(Beginning of Data excerpts)

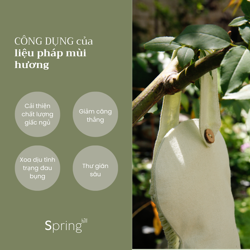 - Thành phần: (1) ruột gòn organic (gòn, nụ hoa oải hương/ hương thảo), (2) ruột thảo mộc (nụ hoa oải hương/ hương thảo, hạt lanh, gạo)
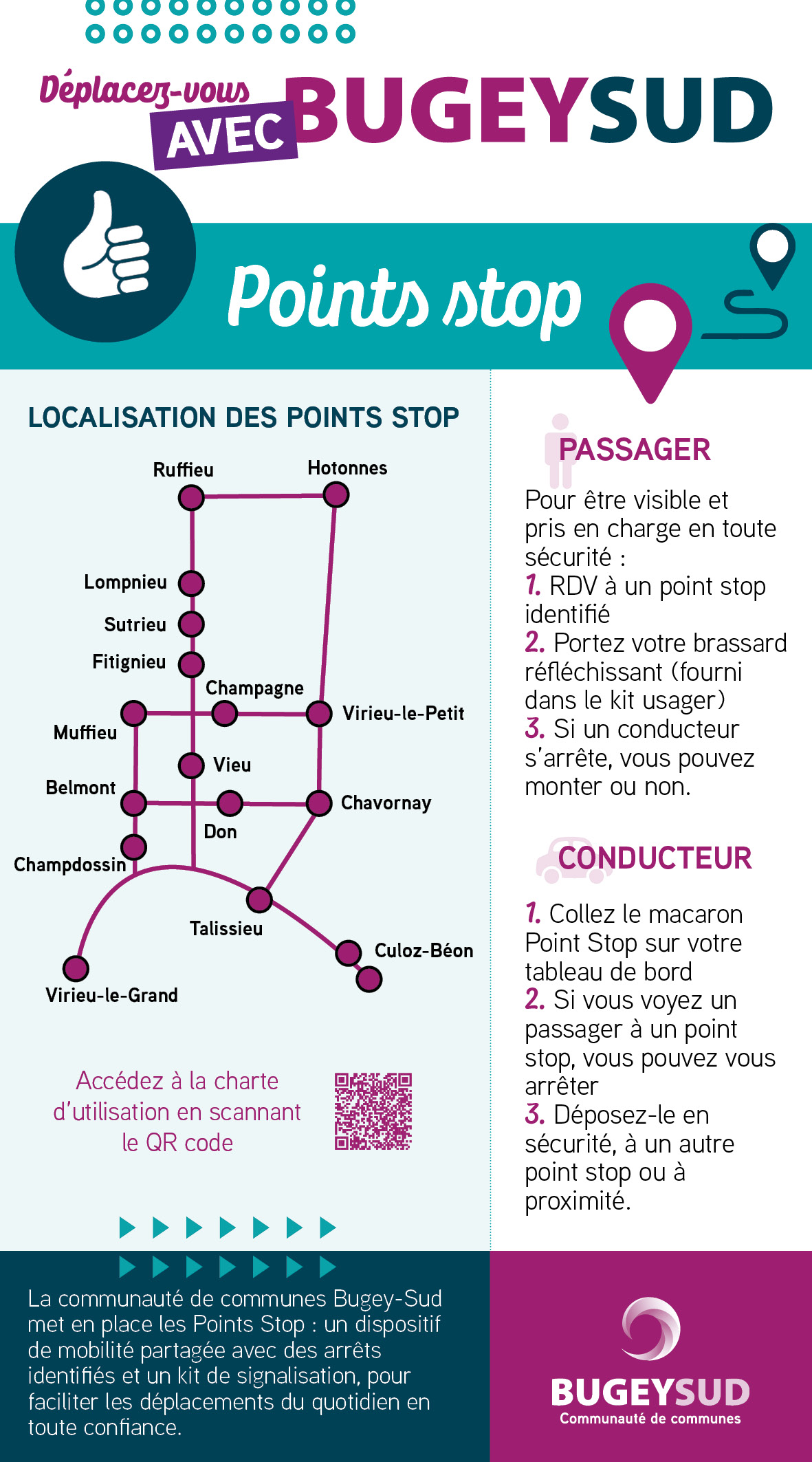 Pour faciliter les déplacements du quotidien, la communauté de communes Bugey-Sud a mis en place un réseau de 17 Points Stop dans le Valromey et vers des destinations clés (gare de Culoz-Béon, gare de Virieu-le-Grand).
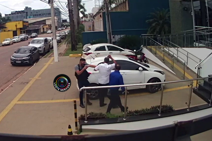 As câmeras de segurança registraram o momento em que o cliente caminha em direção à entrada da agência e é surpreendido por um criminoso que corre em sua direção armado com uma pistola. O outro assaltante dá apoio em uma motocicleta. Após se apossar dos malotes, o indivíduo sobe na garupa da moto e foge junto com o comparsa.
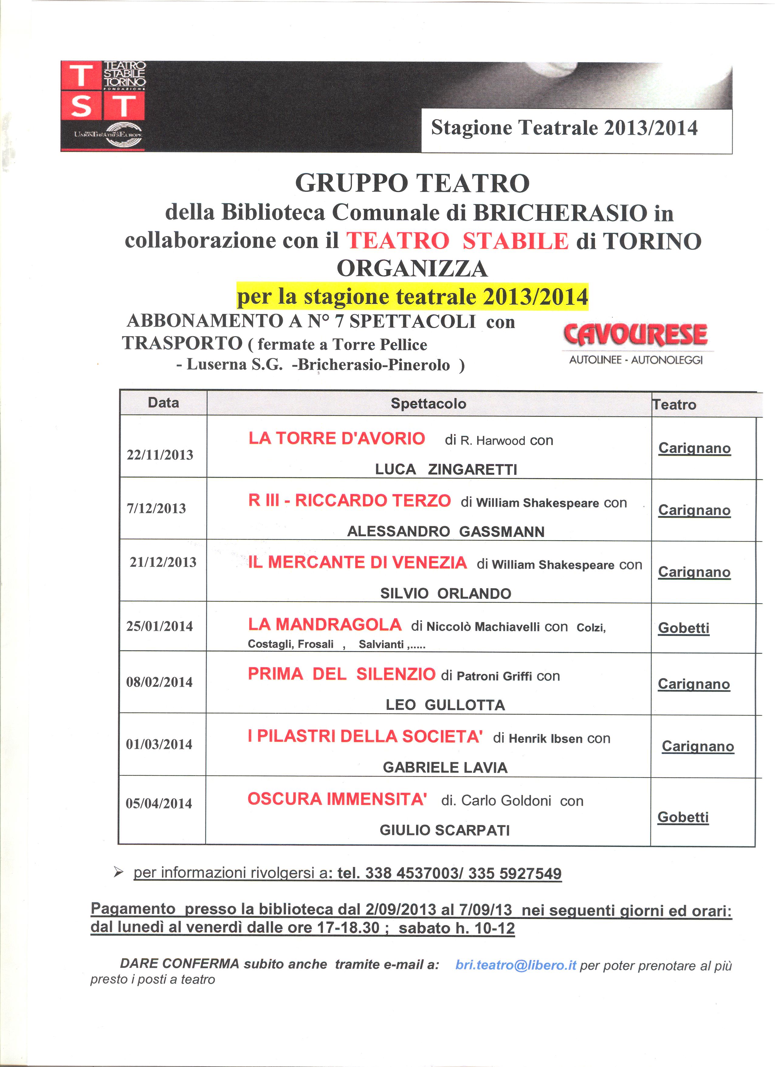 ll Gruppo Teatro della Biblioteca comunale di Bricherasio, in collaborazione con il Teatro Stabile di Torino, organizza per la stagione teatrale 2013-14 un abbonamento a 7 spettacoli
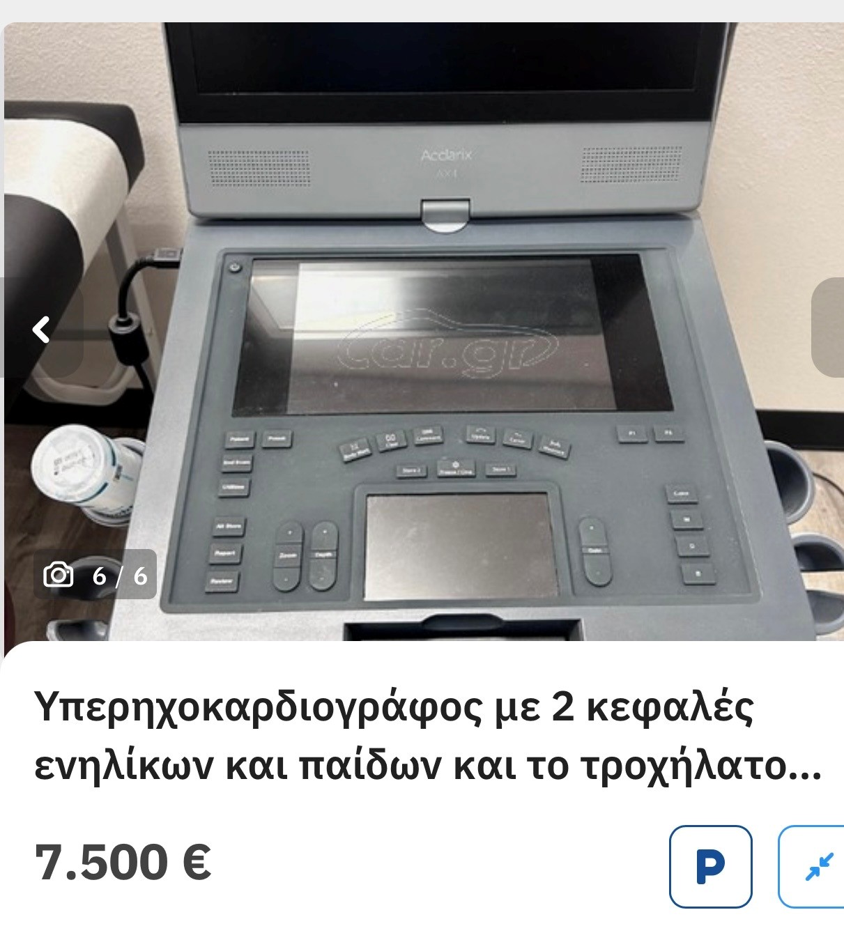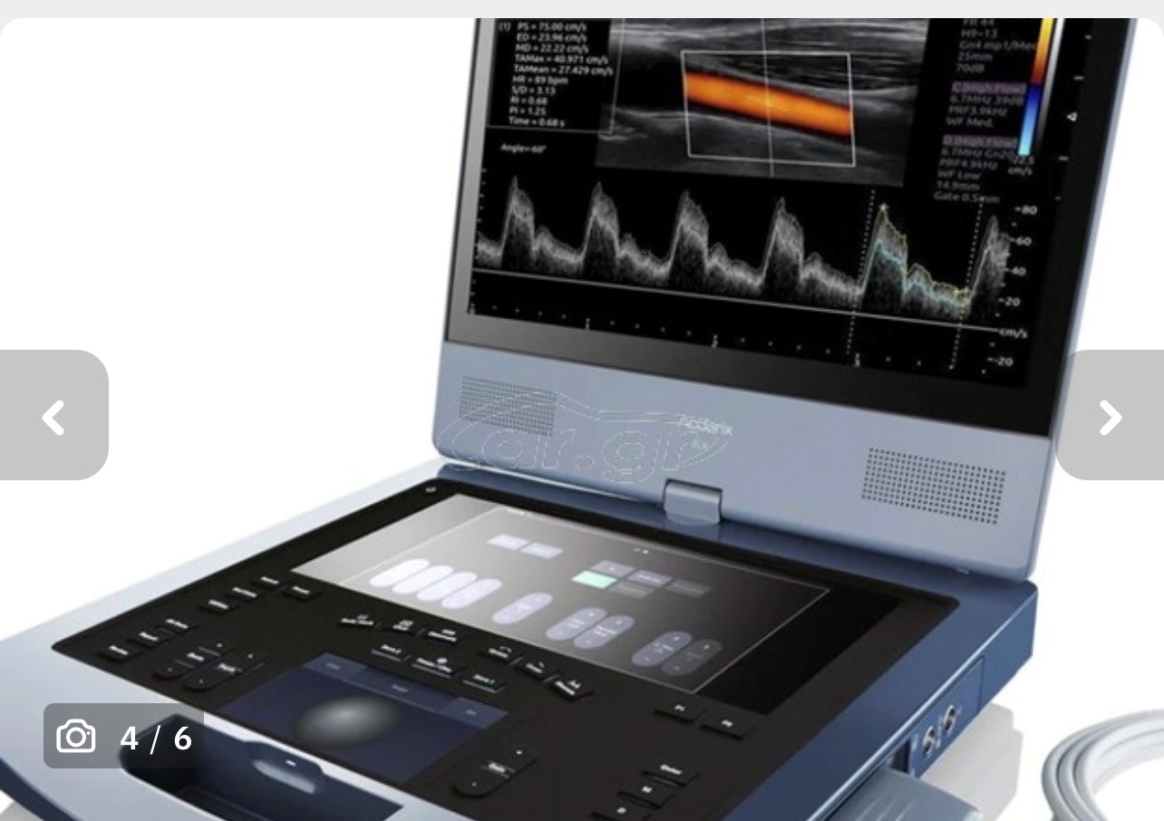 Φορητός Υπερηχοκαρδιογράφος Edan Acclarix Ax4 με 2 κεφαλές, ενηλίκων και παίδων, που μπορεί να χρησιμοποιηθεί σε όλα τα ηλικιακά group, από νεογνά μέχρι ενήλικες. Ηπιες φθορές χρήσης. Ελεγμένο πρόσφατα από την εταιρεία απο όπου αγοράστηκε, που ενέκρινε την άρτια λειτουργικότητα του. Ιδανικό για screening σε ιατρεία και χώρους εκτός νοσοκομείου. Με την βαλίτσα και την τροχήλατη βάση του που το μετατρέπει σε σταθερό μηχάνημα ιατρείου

(End of Data excerpts)
(Beginning of Data excerpts)

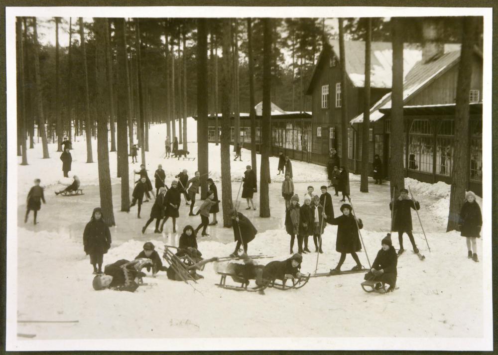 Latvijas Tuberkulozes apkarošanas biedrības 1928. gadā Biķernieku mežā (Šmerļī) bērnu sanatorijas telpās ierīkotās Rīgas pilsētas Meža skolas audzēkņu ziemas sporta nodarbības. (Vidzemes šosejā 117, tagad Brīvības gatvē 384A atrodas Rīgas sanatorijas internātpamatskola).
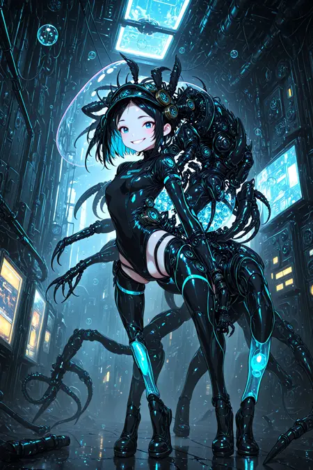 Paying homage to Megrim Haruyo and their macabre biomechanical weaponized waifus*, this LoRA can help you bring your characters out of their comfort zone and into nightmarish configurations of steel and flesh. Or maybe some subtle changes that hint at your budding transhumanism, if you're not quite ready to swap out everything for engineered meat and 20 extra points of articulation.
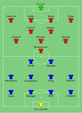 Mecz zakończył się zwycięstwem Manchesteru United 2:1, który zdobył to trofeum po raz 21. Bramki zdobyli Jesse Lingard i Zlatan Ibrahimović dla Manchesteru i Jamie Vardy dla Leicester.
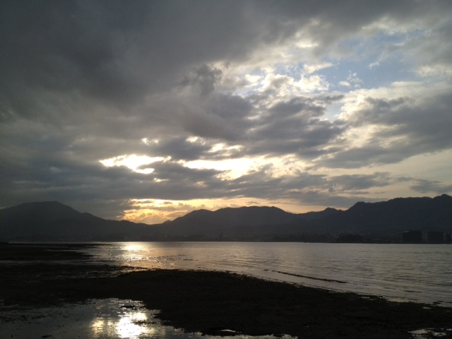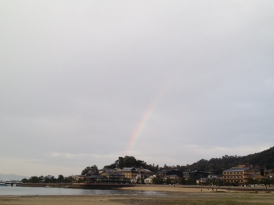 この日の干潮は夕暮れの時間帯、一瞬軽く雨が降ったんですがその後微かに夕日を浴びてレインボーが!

(End of Data excerpts)
(Beginning of Data excerpts)

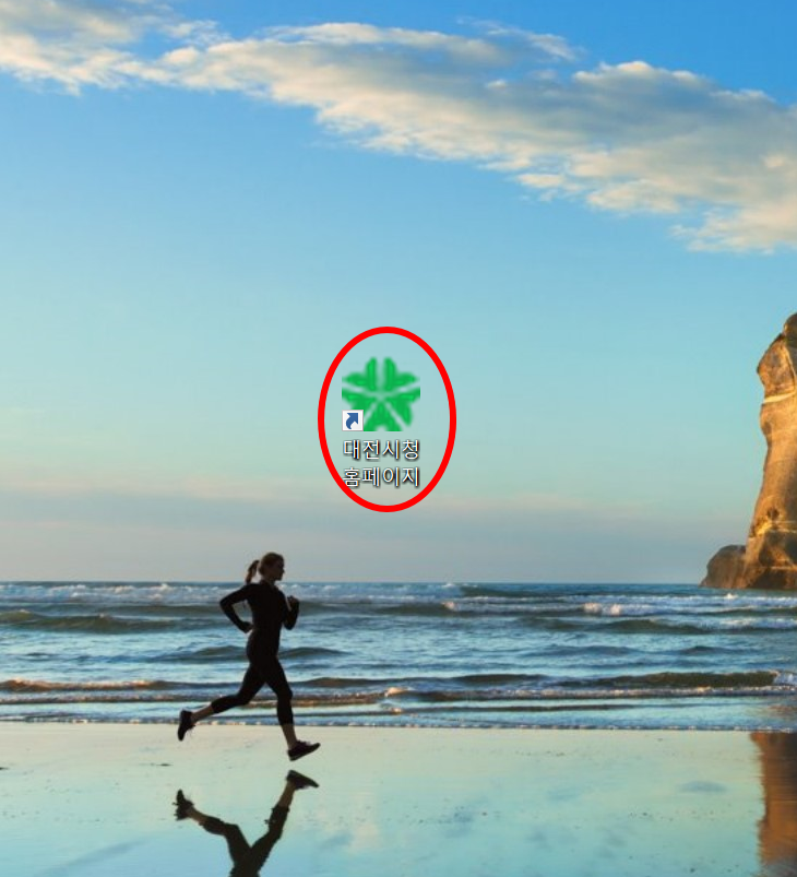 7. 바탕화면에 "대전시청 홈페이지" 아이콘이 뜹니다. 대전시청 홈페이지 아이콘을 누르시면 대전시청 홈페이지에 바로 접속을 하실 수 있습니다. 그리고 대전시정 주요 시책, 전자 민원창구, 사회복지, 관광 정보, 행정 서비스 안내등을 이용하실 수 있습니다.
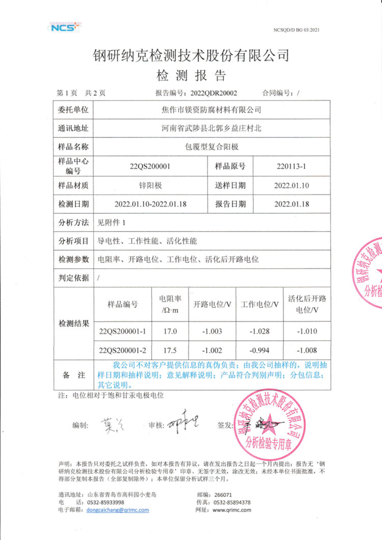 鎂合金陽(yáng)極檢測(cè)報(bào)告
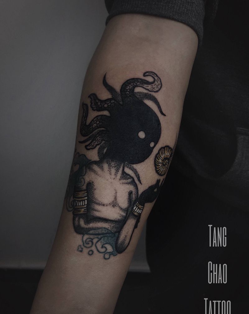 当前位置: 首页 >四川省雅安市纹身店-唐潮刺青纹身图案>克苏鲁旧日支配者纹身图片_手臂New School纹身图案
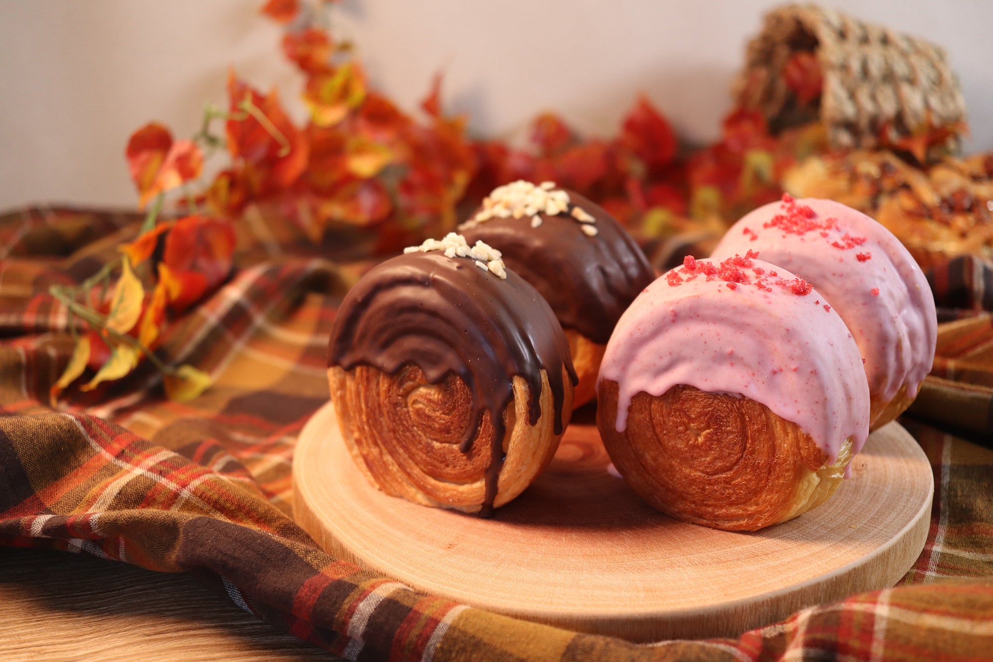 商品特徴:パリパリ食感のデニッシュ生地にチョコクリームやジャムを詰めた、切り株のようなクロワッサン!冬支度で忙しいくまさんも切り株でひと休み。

(End of Data excerpts)

• **Task to complete**
Reproduce, exactly and only, the lines of the records above starting at the line with "- Thành phần: (1)" and ending at the line with "Pour faciliter les", both included. Leave every picture out.

• **Written solution**
 - Thành phần: (1) ruột gòn organic (gòn, nụ hoa oải hương/ hương thảo), (2) ruột thảo mộc (nụ hoa oải hương/ hương thảo, hạt lanh, gạo)
 Pour faciliter les déplacements du quotidien, la communauté de communes Bugey-Sud a mis en place un réseau de 17 Points Stop dans le Valromey et vers des destinations clés (gare de Culoz-Béon, gare de Virieu-le-Grand).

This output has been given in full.